Interventions, support groups, and periods of rest can improve well-being and reduce the chances of caregiver burnout.

Alcohol and Stress

When people are stressed, they may use alcohol or other substances as a coping mechanism. However, using substances to manage your feelings and emotions is not healthy.

Alcohol impacts the balance of chemicals in our brains. It is a depressant, which means it reduces “neurotransmission levels” and disrupts the communication between our nerve cells and our brain. Alcohol affects our thoughts, feelings, and actions. The more we drink, the bigger impact it can have on our brains. High rates of alcohol consumption are linked to both mental and physical health challenges.

Manage your stress

As the world continues to fight COVID-19, stress levels across the globe are heightened. While some stress can be seen as a motivator, it is important to recognize the stressors in our lives so that appropriate measures can be taken to ensure we are staying healthy.

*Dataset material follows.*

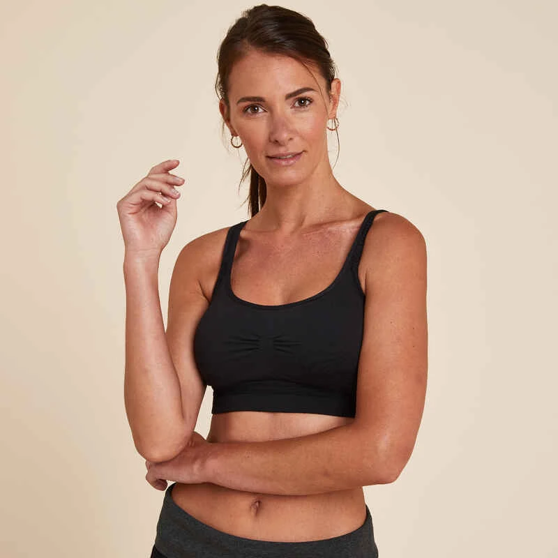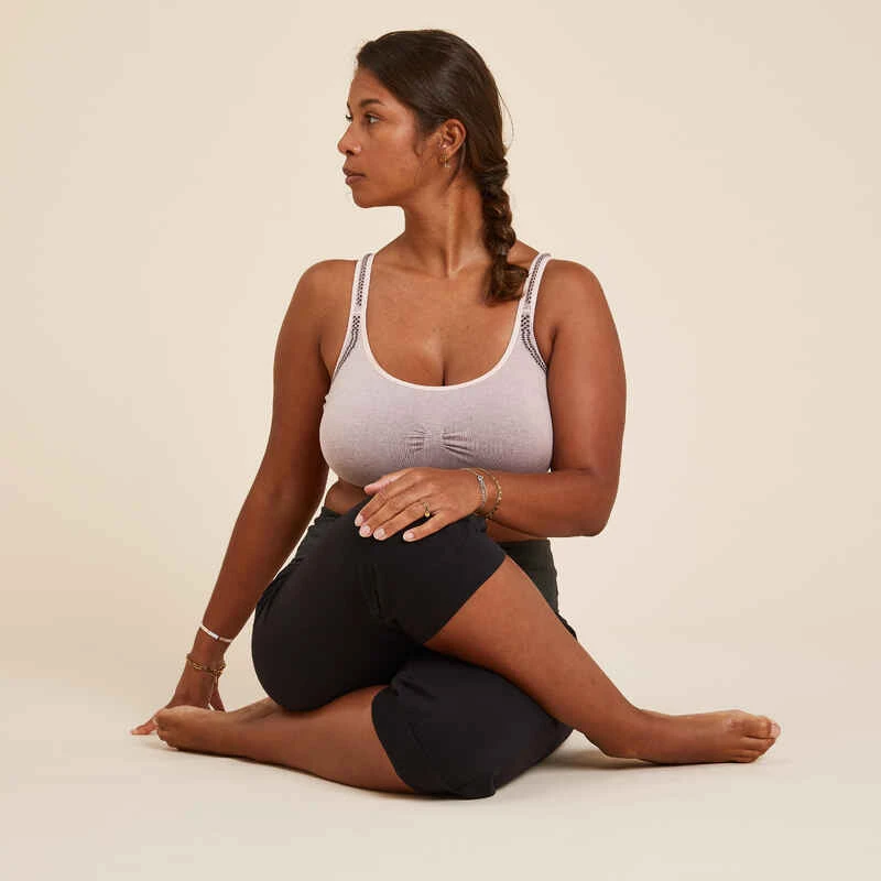 Pour les yogas doux, nous avons créé cette brassière sans coutures, à base de coton issu de l’agriculture biologique et viscose pour un confort plus douillet.

Monitor your stress levels

  • Keep track of your stress and anxiety levels to understand what experiences or activities make you stressed. You can monitor your stress levels by practicing self-reflection and bringing awareness to your daily activities and emotions. You could also take an online test* to measure your stress levels.

Use healthy coping strategies

  • Everyone is different and everyone manages stress differently. Find healthy coping strategies that work for you. New strategies may involve getting active, eating healthy, sleeping regularly, or trying a new hobby.

Get help

  • If you have tried a number of different coping strategies but are continuing to struggle with anxiety and stress, you may need extra support from a medical professional. You can contact someone like your family doctor, a psychologist, a psychotherapist, a social worker, or another health professional for help. Canadians can also access online support through Wellness Together Canada and other online portals.

*Note: these tests are not intended to diagnose conditions or to replace a professional assessment from a health care practitioner.